(What to produce): Starting at the line that contains "One of the most", write out each line exactly through the last one in the material below, and nothing more; omit all pictures.

** Input data follows **

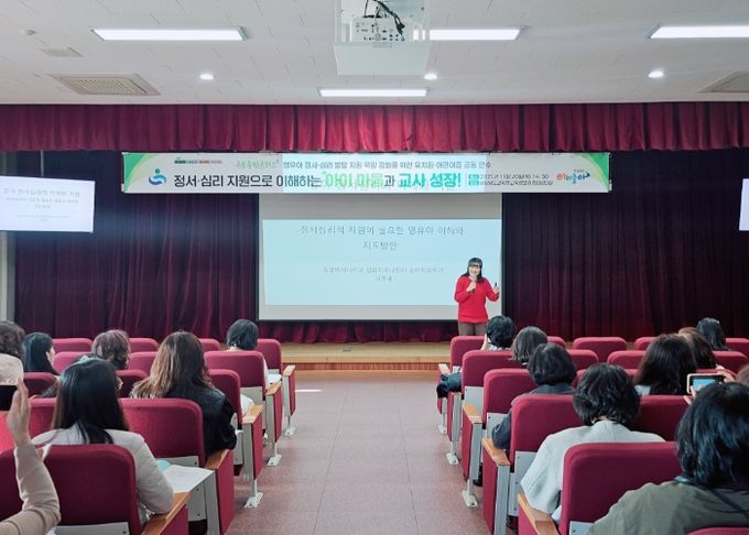 이번 연수는 정부 국정 과제인 ‘정부책임형 유보통합(유아․보육 통합)’ 추진에 따라 영유아의 정서·심리 발달 특성을 이해하고, 현장에서 적용 가능한 지원 방안을 모색하기 위해 마련됐다.
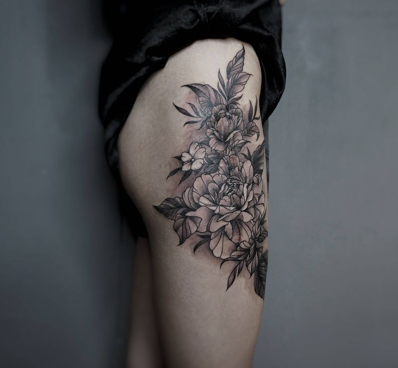 素花疤痕遮盖纹身图片_腿部纹身图案
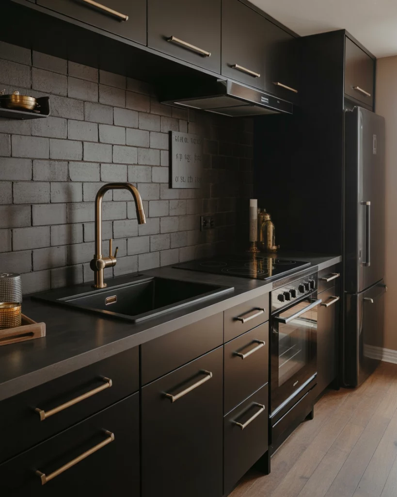 One of the most timeless ways to elevate black kitchens is with warm metallics. Pair black cabinets with brushed brass hardware and statement appliances for a glowing contrast. A matte black sink paired with golden faucets feels especially refined. Add subtle metallic accessories and a solid table to complete the look. This design brings effortless luxury and inspiration into everyday cooking spaces.
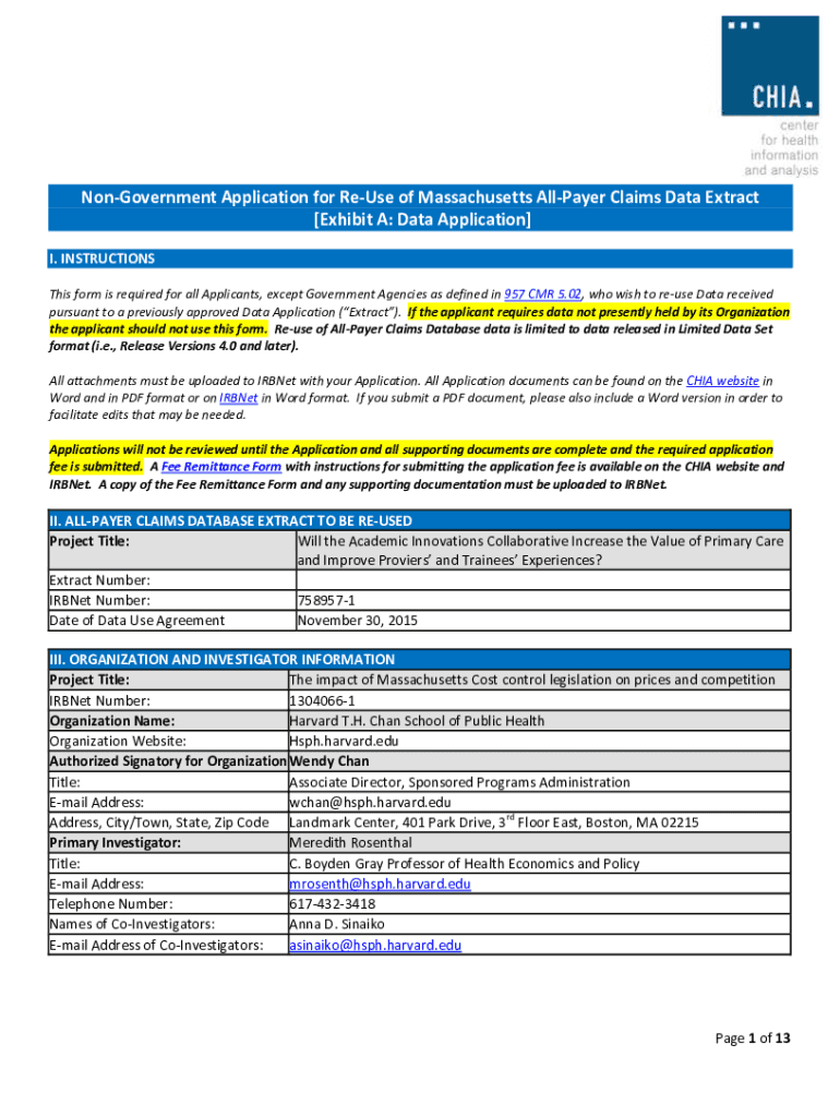 Get the free Non-Government Application for Re-Use of Massachusetts All-Payer Claims ...

** End of Input data **

(Answer box):
 One of the most timeless ways to elevate black kitchens is with warm metallics. Pair black cabinets with brushed brass hardware and statement appliances for a glowing contrast. A matte black sink paired with golden faucets feels especially refined. Add subtle metallic accessories and a solid table to complete the look. This design brings effortless luxury and inspiration into everyday cooking spaces.
 Get the free Non-Government Application for Re-Use of Massachusetts All-Payer Claims ...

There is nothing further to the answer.